Platform workers have this shared identity that is very international. One of the things that really fascinates me is that when Deliveroo workers struck in London, there was messages of support from riders across Europe, who got in touch with each other because they felt they have the same kind of job. That’s quite a rare thing in other types of work; security guards in London don’t automatically identify with security guards in Paris and Berlin. The Deliveroo or Foodora rider are able to build these connections much quicker.

Q) Gig worker struggles have largely taken place outside of the traditional trade unions. Why is that?

JW: I had a discussion with someone from a mainstream union around the time of the first Deliveroo strike in the UK. They said: “Yeah we are interested in organising these people, but we don’t know where to find them, how would we even go about recruiting them?”

On one level that’s understandable – these workers don’t have the same mode of operation as their current members – but on another level it’s really not that difficult. You could just order 20 pizzas and have a queue of riders outside the union offices and talk to them.

I think a bigger issue is that if you are a big mainstream union, the resourcing of a campaign like this is incredibly risky. You’re organising a set of workers who are by the nature of their work very precarious, probably unlikely to pay large amounts of subs, they are organising in unconventional ways that could potentially raise legal issues.
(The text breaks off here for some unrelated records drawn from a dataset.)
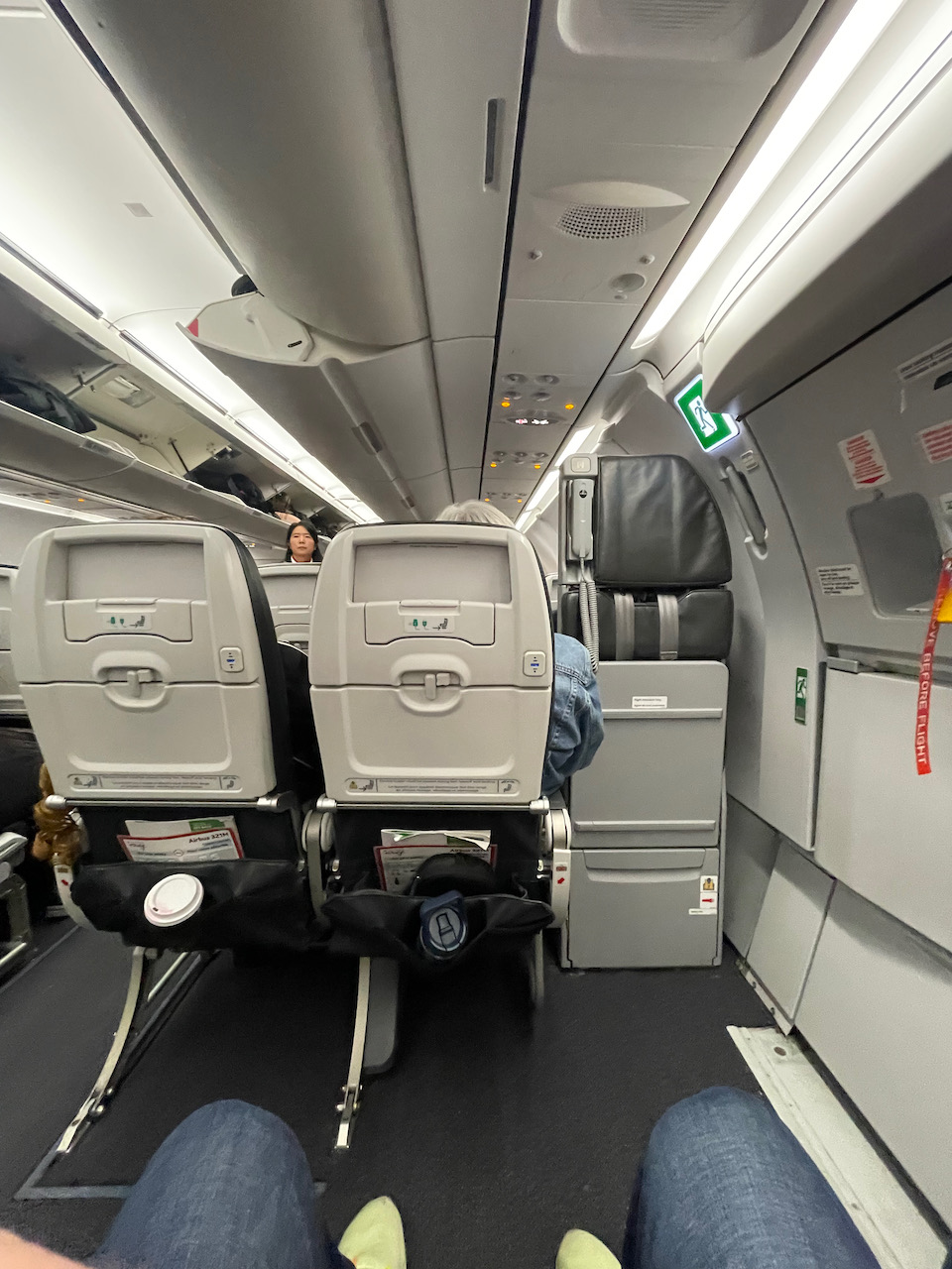 For this flight I selected an exit row so that we wouldn’t be squished in the seats for couple hours to Florida. From memories of our 2019 flight and seeing how little legroom exists on Air Canada Rouge, I was glad with the extra space. We arrived at the gate as boarding had already commenced and we quickly joined the line and were soon on board.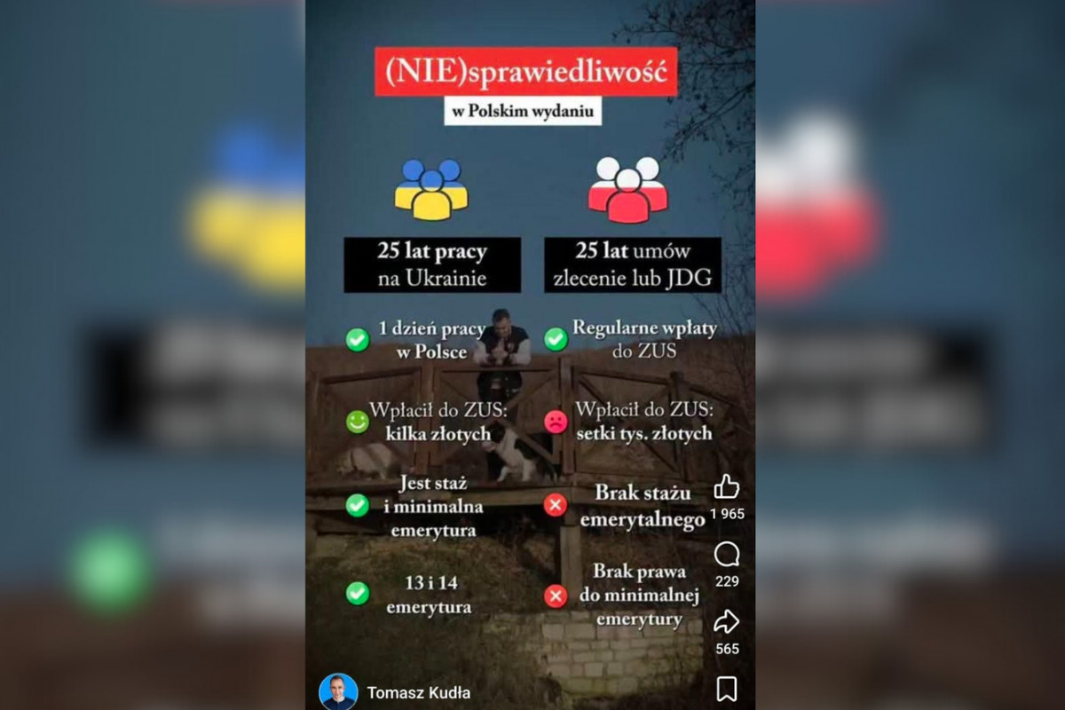 Поляків переконували, що українцю достатньо відпрацювати один день, маючи 25 років стажу в Україні, аби претендувати на польську мінімальну пенсію. А полякам 25 років замало навіть за умови виплат соціальних внесків. І тут мільйонні перегляди, обурення і поширення, де тільки можна. Знову соціальний біль, в який не втомлюються бити пропагандисти. Мовляв, українці «паразитують» на усьому готовому.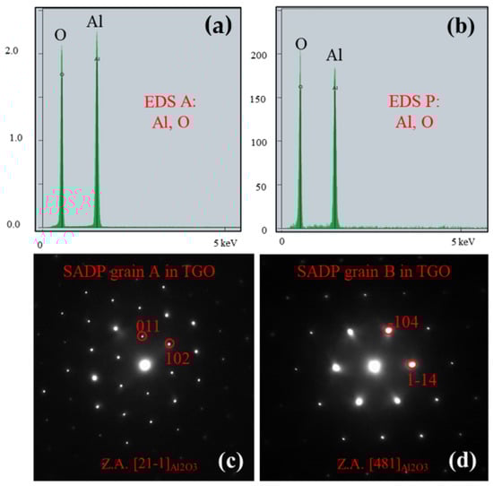 Figure 11 presents the uncoated backside of the Ti2AlC sample. The Al2O3 TGO grew to ~14 μm; this was less than the front face because of the lower backside temperature of ~1216 °C. The Al2O3 grains were again columnar and presented a very clean, faceted interface with Ti2AlC. The EDS of a grain interior (Figure 12a) showed only Al and O, as well as for a particle (P) in the MAX phase. (Similar clean Al, O EDS spectra were obtained for the front side, I, featureless TGO regions). The SADP’s of the TGO (Figure 12c,d for grains marked A and B) were consistent with trigonal (pseudo-hexagonal) corundum, a = 4.8 Ả, c = 12.9 Ả, near Z.A. [21–1] and [481], respectively. Figure 13a shows very fine nm-size TGO particles in the vicinity of the triple point in Figure 11, yielded EDS showing Ti (Figure 13b), while that (F) associated with a pore contained Fe (Figure 13c).
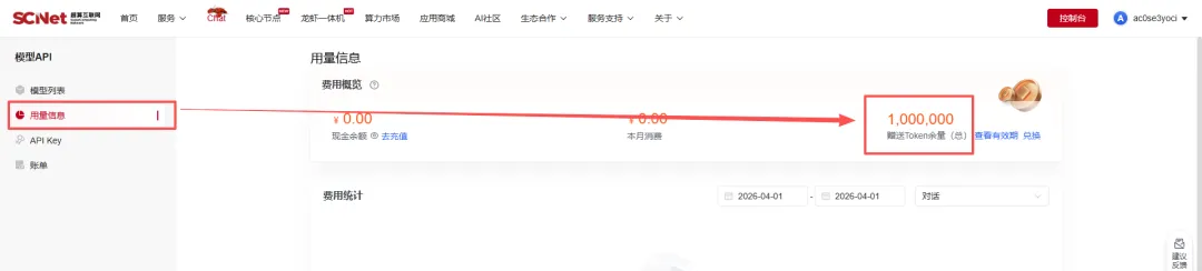 新用户登录后,系统会自动弹出“领取成功”的提示框,告诉你免费额度已经到账。 进入右上角的“控制台”。 在左侧菜单栏点击“用量信息”。在这里你可以清楚地看到当前账户的“赠送Token余量”,以及不同模型剩余的具体额度和有效期。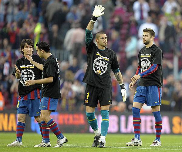 BARCELLONA (Spagna) – Al termine del vittorioso match contro lo Xerex, domato per 3-1, i giocatori del Barcellona hanno indossato una maglietta nera che farà tremare i tifosi dell’Inter. Una frase in catalano, scritta sul davanti della maglia recita: “Vendermo cara la pelle” – e sul retro – “Vi aspettiamo tutti al Camp Nou”. Si preannuncia una partita di Champions League da brividi…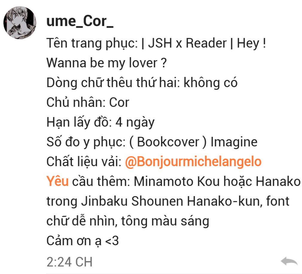 + muốn sửa: Cmt "Sửa." và đưa ra yêu cầu mà bọn tớ còn sai sót cũng như chưa hợp ý cậu.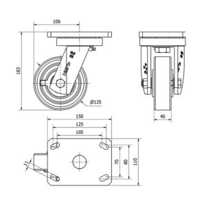 Rueda poliuretano giratoria Alex diametro 125 mm. 2-0483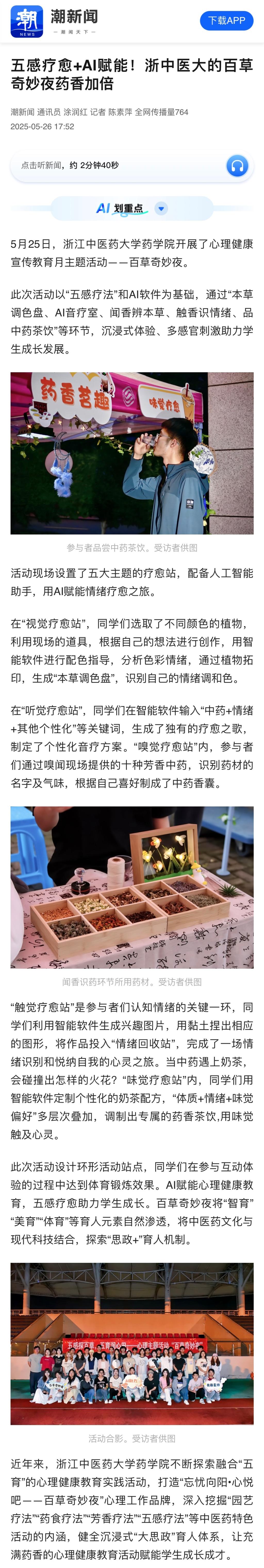 此次活动设计环形活动站点,同学们在参与互动体验的过程中达到体育锻炼效果。AI赋能心理健康教育,五感疗愈助力员工成长。百草奇妙夜将“智育”“美育”“体育”等育人元素自然渗透,将中医药文化与现代科技结合,探索“思政+”育人机制。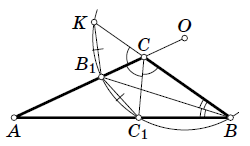 Продолжив луч BC до пересечения с описанной окружностью треугольника BB1C1, получим точку K (см. рис.). Вписанные углы ∠C1BB1 и ∠KBB1 равны (так как BB1 — биссектриса), значит, равны дуги, на которые они опираются, B1C1 = B1K. При этом точки K и C1 лежат на окружности (описанной вокруг треугольника BB1C1), центр которой принадлежит прямой AC. Следовательно, K и C1 симметричны друг другу относительно прямой AC. Получаем равенство трёх углов ∠BCC1 = ∠C1CB1 = ∠B1CK. Сумма этих углов равна 180°, стало быть, каждый из них равен 60°, и ∠ACB = ∠BCC 1 + ∠C1CB1 = 120°.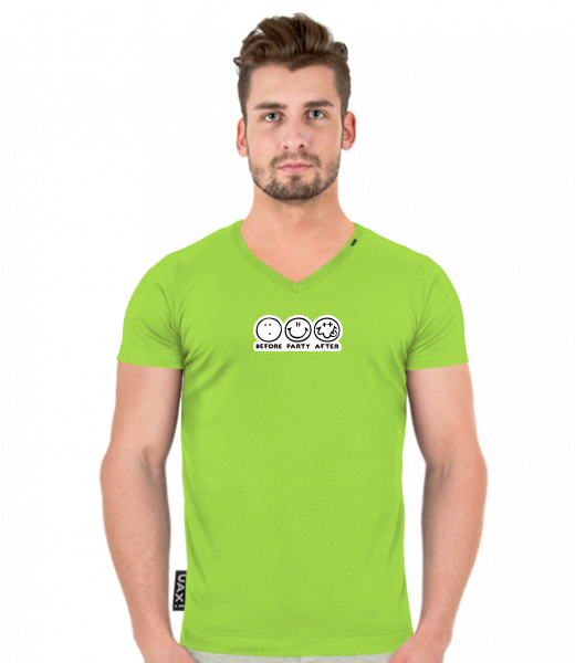 We make sustainable UAX clothing! - hand sewn in the Czech Republic uaxMen uaxAll productsT-shirtsT-SHIRTS SLIM FIT V NECKdesign 1120 - BEFORE PARTY AFTERPARROT GREEN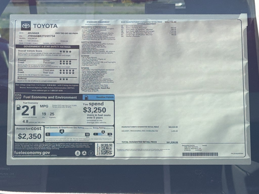 TRD Offroad Premium. ARB Platform 3/4 Length Roof Rack. 18" Accessory TRD Black Wheels. Moonroof. 4runner All Weather Floor Mats. 4runner All Weather Cargo Tray. **Equipment listed is based on original vehicle build and subject to change. Please confirm the accuracy of the included equipment by calling the dealer prior to purchase.**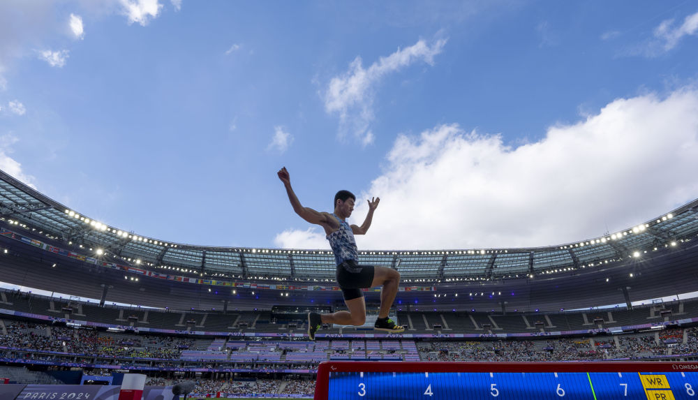 ↑9月4日,中国选手衷黄浩在田径男子跳远T38级决赛奋力一跃,最终获得亚军。 新华社记者 才扬 摄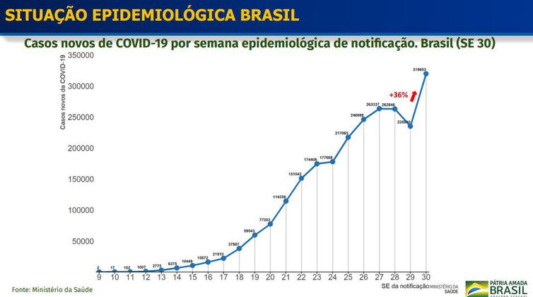 O movimento marca uma inversão da curva. De acordo com os dados da pasta, a média diária de casos confirmados estava relativamente estável ao longo do mês de julho. Na 28ª semana epidemiológica, a média diária bateu os 37.549, caindo para os 33.573 na semana seguinte (29ª), antes de voltar a subir.

So mainstream unions perhaps don’t think it’s worth the investment.

In that vacuum these alternative forms of organising have emerged, whether its alternative unions or worker networks just based around WhatsApp groups. I think there’s a real question of how do the two get connected. How does the experiences of platform struggles get put into the conversation in the mainstream trade union movement. Because what’s happened with Uber and Deliveroo, those kind of things will come to the sectors which are the core of mainstream trade unionism, including in the public-sector.

So I think there’s a lot of catching up for the mainstream trade union movement to do, and I think part of it is about not seeing platform work as this unique, new technological work. Instead, just see it as part of a broader tendency of how capital is trying to rearrange work, which is relevant way beyond platforms.